Лея не может разобраться, хорошо это или плохо, нравится ей это или нет.
Главное, что здесь плохо и что ей не нравится — что она — он, она, они, — вообще здесь.
Пол холодный, особенно сильно это чувствуется, когда сдвигаешься с насиженного места; твердый и неудобный, усыпан пылью и мелкими камнями, крошевом.
И здесь все еще нет эха.
Лея передвигается ближе к Хаксу, скрещивает ноги, чтобы удобнее было сидеть. Хорошо, что она уже порвала платье, и узкая юбка не стесняет движений. Лея спокойным, но уверенным движением забирает вибронож, ловит запястье Хакса. Смотрит ему в глаза, потом переводит взгляд на ремень на его шее.
— Думаю, ремень вам сейчас понадобится, — Лея почти спокойно, только с легкой брезгливостью смотрит в его руку — буквально — и отодвигает рассеченную плоть немного в сторону, оголяя то, что внутри. Касается кончиком ножа. — Вытаскиваю?
Поделиться6522-09-2018 17:16:46
Вспышка такая яркая, что Хакс чувствует себя ослепшим. Это похоже на то, как в начале
(как будто у этого безумия было начало)
(как будто этого безумия когда-то не было)
грянула гроза, взрываясь звуком и светом, выжигая сетчатку, возвращая мир частями, дольше всего — цвета, и с таким освещением Хакс не может быть уверен, что способность различать цвета вернулась к нему, вернётся когда-нибудь; что ей будет, куда возвращаться.
Потом Хакс понимает, что эта вспышка существует только для него.
И это первая рациональная мысль с тех пор, как Органа взяла его за руку.

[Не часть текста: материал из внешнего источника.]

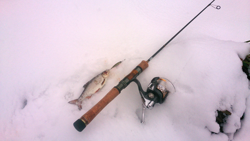 Эта зима подарила много интересных моментов,красивых сюжетов,запоминающихся рыбалок;не мало удивляла по клёву на водоёмах.Есть за что ей сказать,спасибо.Вот и вчера,новое интересное место Игорь показал,понравилась рыбалка.А нынче опять дома не усидел,последний лёд,он как и первый;ещё разок,но надо сходить.Проснулся рановато,проводил всех,и решил прогуляться до речушки.Весна,утро красиво,слабенький,но морозик;птахи малые разноголосят.Речка уже вскрылась,и выше,и ниже,и берег стрёмный.Первый шаг и по колено.Пришлось строить переправу.А на ямке лёд ещё добрый,быстрее поплывёт,чем провалиться.Лунок с десяток уже пройдено,а особо не разходишься,решаю задержаться на одной подольше,посижу поиграю.То так поиграю,то эдак,бах и плотвичка.Нормально думаю.Уже интересно,неужели здесь рыба есть?Сижу дальше,цап-цап и пара окушков уже на льду.Ну ваще,думаю,круто.Но до круто оказывается было ещё несколько минут времени.И вот плавное касание к сторожку,отпуск,и сразу следом,плавный и полный загиб кивка,не припомню таких поклёвок.Подсечка,повезло,что шпуля свободна была.И тут началось такое,ну настоящее представление.То леску собираю,то стравливаю,всё очень быстро,скорость у рыбы бешенная;два раз пролетала под лункой,ну думаю хана мормышке,щука наверно,судя по бочине сверкнувшей, здоровая.Однако,когда удалось всё-же завести в лунку,я чуть с ящика не свалился от неожиданности.Да,до этого таких плотвиц зимой,не доводилось выуживать.Опять повезло
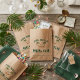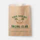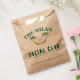 Celebrate your special day with a unique, personalized touch! These charming kraft paper wedding favor bags from 'The Milan Social Club' are the perfect addition to your destination wedding, engagement party, or tropical-themed event. The design features arched green serif text at the top and brush script text below, all set on a natural, eco-friendly brown paper background. A custom illustration of two palm trees with a heart made of festive lights forms a delightful arch. Use these bags for small treats, favors, cookies, or confetti. All text fields are customizable templates, including 'The Milan Social Club' name, the EST date, and the names of the couple. Simply click the 'Personalize' button to add your own details and make them truly your own!
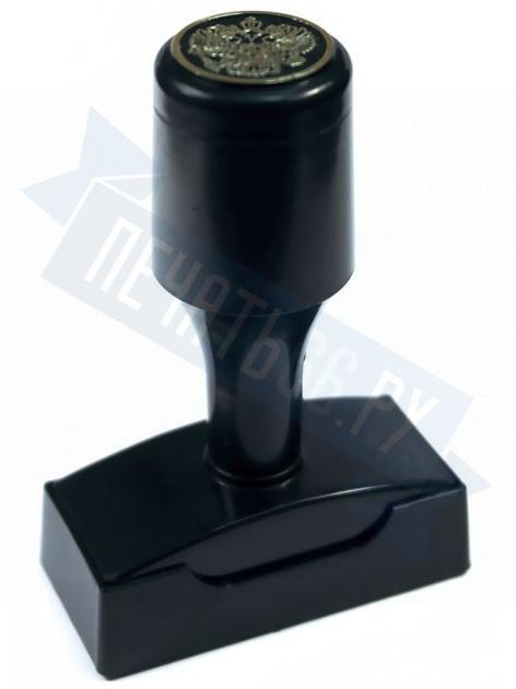 Ручная пластмассовая оснастка с крышкой для печати, штампа, факсимиле имеет клеевой слой для крепления клише печати.
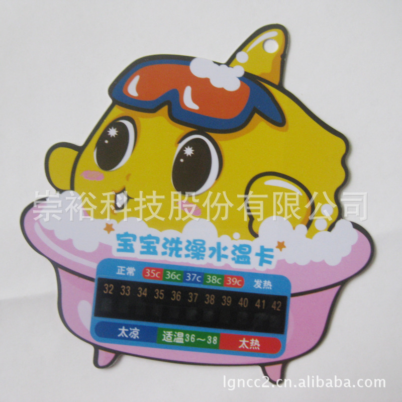 将洗澡卡至于水中,能准确测出水温,液晶读数,直观方便、随身携带,并可任意弯曲,不易断裂,避免了传统温度计造成的玻璃破碎和水银中毒的危害,具有安全、环保、科学、实用的优点,专业呵护婴儿的洗澡卡是每家必备的家庭医生
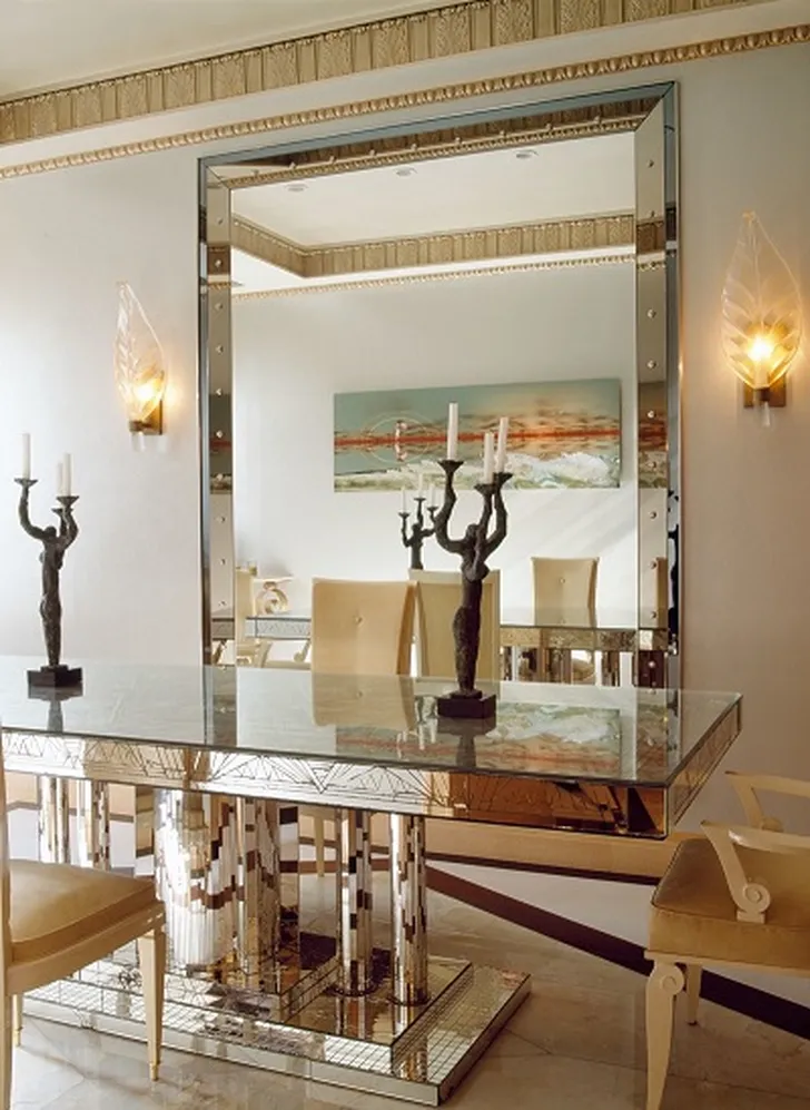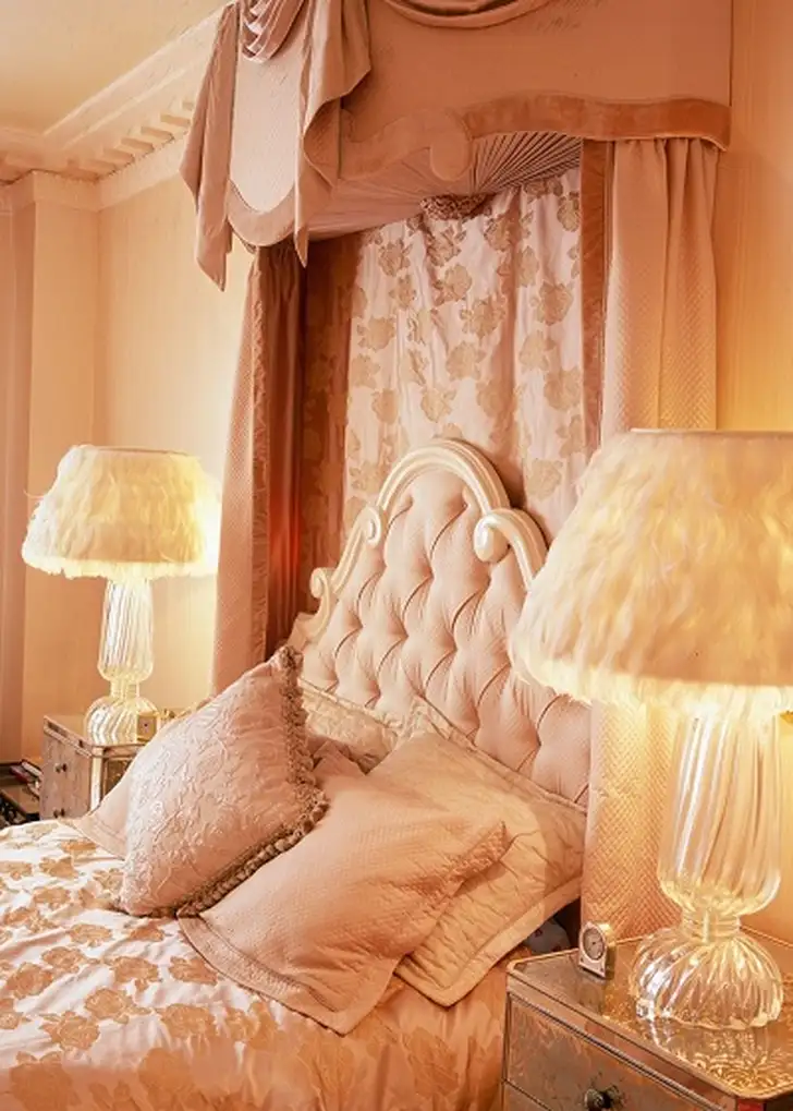 De slaapkamer is zacht roze met weelderige tapijten en art-deco accessoires.

Эта мысль отбрасывается тут же, растворяется, среди остальных, в захлёстывающих Хакса ненависти и страхе; пальцы Органы на запястье выглядят ужаснее всего, что Хакс когда-либо видел; от них хочется избавиться, они омерзительны, омерзительнее даже нитей внутри его руки; она крупна вздрагивает в желании вырваться, ударить, сделать что угодно, чтобы этих пальцев не стало. Хакс смотрит на собственные пальцы, на жидкую кровь, запачкавшую их, ладонь, пол под ней, скрывшую нити под кожей; он смотрит на них неотрывно. Хакс не должен вырывать руку. Он сосредотачивает на этом всю свою волю, всё, что от неё осталось, больше не остаётся никаких целей и никакого долга.
Хакс не вырывает руку.
Она дрожит — теперь мелко, хотелось бы думать, что от напряжения, а не страха; дрожь поднимается по плечу, перекидывается на корпус, Хакс отмечает это отстранённо, как мог бы ответить кто-то другой.
Хакс не выдёргивает руку.
Так же отстранённо он понимает, насколько ему больно — понимает, а не ощущает, по царапающему язык осколку зуба. Он разжимает зубы, чтобы через мгновение сомкнуть их снова — на ремне, и это стоит Хаксу жалкого полувздоха-полустона, как будто эта цена имеет значение, как будто хоть что-то в этом мире имеет значение, кроме вцепившихся ему в запястье пальцев.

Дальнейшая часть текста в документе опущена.